I have spoken of the boarders. They too laid their burdens upon us. For what reason I can only conjecture. They brought us their whole stock of complaints – complaints of the landlady, of the table and of each other. Being from the great wide West we may have seemed a bit more broadly human than most of those whose natures had been dwarfed and blighted in the city's narrow soulless round of daily toil. Or it may be all of them had fallen out among themselves before we came. I don't know.
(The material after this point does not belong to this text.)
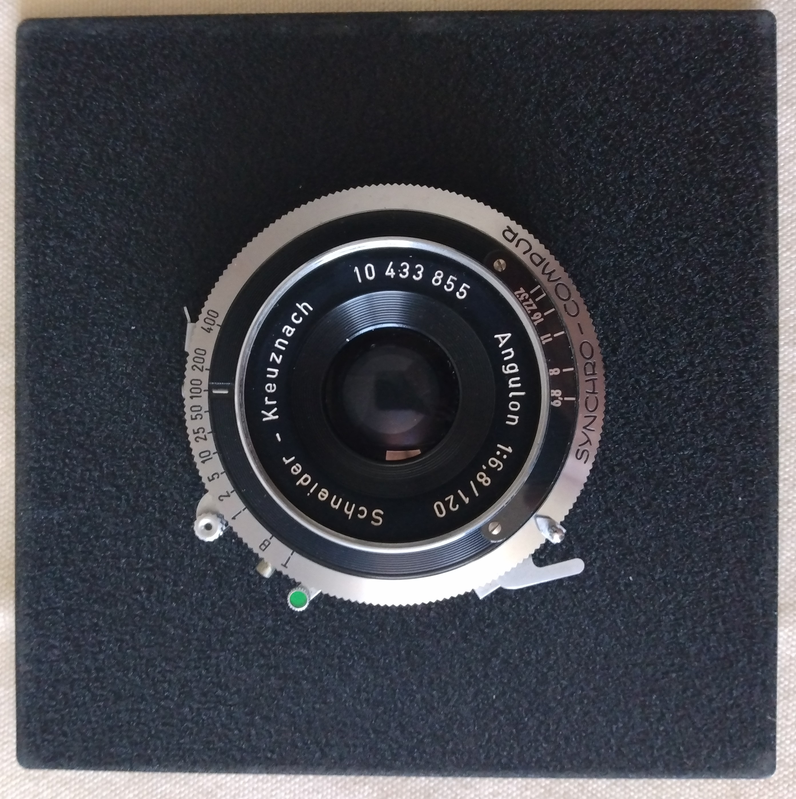 • Schneider-Kreutznach Angulon f6.8/120mm - Synchro Compur shutter, f6.8-32, B-400; no haze, no fungus. All shutter speeds unreliable

I know that a good many of them had, for they told us about it – casually at first, and then in detail.
As an example, we learned from the woman across the hall that another woman, who occupied the top floor back and painted undesirable water-colors, had been once an artist's model, and that she smoked. From the top floor back, in turn, we discovered that the woman across the way, now a writer of more or less impossible plays, had been formerly a ballet girl and still did a turn now and then to aid in the support of a dissolute and absent husband.
These things made it trying for us. We could not tell which was the more deserving of sympathy. Both seemed to have drawn a pretty poor hand in what was a hard enough game at best. And there were others.
Within the month we were conversant with all the existing feuds as well as those of the past, and with the plots that were being hatched to result in a new brood of scandals and counterplots, which were retailed to the Little Woman and subsequently to me. We were a regular clearing-house at last for the wrongs and shortcomings of the whole establishment, and the responsibility of our position weighed us down.
We had never been concerned in intrigue before, and it did not agree with our simple lives. I could feel myself deteriorating, morally and intellectually. I had a desire to beat the Precious Ones (who were certainly well behaved for children shut up in two stuffy rooms) or better still to set the house afire, and run amuck killing and slaying down four flights of stairs – to do something very terrible in fact – something deadly and horrible and final that would put an end forever to this melancholy haunt of Tuesday stews and ghoulish boarders with the torturing tattle of their everlasting tongues. I shocked the Little Woman daily with words and phrases, used heretofore only under very trying conditions, that had insensibly become the decorations of my ordinary speech.
Clearly something had to be done, and that very soon, if we were to save even the remnants of respectability. We recalled with fondness some of the very discomforts of apartment life and said we would go back to it at any cost.
Our furniture was in storage. We would get it out, and we would begin anew, profiting by our experience. We would go at once, and among other things we would go farther up town. So far down was too noisy, besides the air was not good for the Precious Ones.